- What this task involves
Please restate the data below word for word, omitting all images.

- Data provided
*** Begin section ***

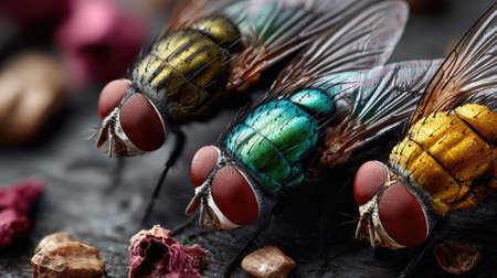 This vivid close-up image showcases colorful flies with intricate textures and patterns, set against a natural backdrop with food particles.
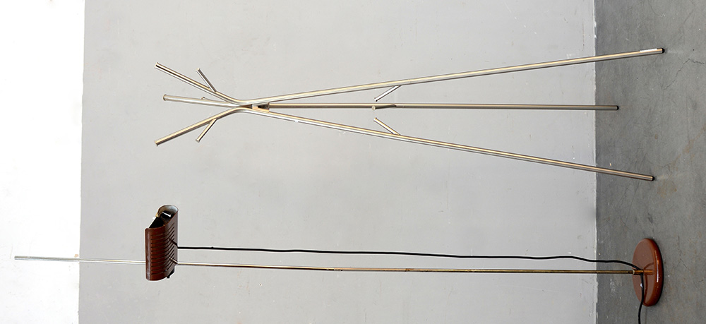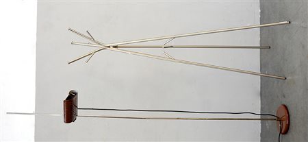Lampada da terra modello "626" con base e paralume in metallo laccato marrone e struttura cromata. Produzione O-Luce, anni 70. Unita a un appendino in metallo (misure diverse) (difetti) G. Gramigna, Repertorio del design italiano 1950-2000 per l'arredamento domestico, vol I, Allemandi, Torino 2003, p. 184
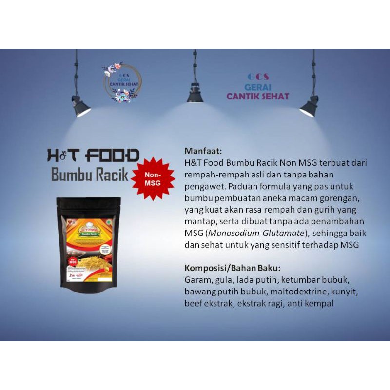 H&T Food Bumbu Racik Non MSG terbuat dari rempah-rempah asli dan tanpa bahan pengawet. Paduan formula yang pas untuk bumbu pembuatan aneka macam gorengan, yang kuat akan rasa rempah dan gurih yang mantap, serta dibuat tanpa ada penambahan MSG (Monosodium Glutamate)

*** End section ***

- Answer below
 This vivid close-up image showcases colorful flies with intricate textures and patterns, set against a natural backdrop with food particles.
Lampada da terra modello "626" con base e paralume in metallo laccato marrone e struttura cromata. Produzione O-Luce, anni 70. Unita a un appendino in metallo (misure diverse) (difetti) G. Gramigna, Repertorio del design italiano 1950-2000 per l'arredamento domestico, vol I, Allemandi, Torino 2003, p. 184
 H&T Food Bumbu Racik Non MSG terbuat dari rempah-rempah asli dan tanpa bahan pengawet. Paduan formula yang pas untuk bumbu pembuatan aneka macam gorengan, yang kuat akan rasa rempah dan gurih yang mantap, serta dibuat tanpa ada penambahan MSG (Monosodium Glutamate)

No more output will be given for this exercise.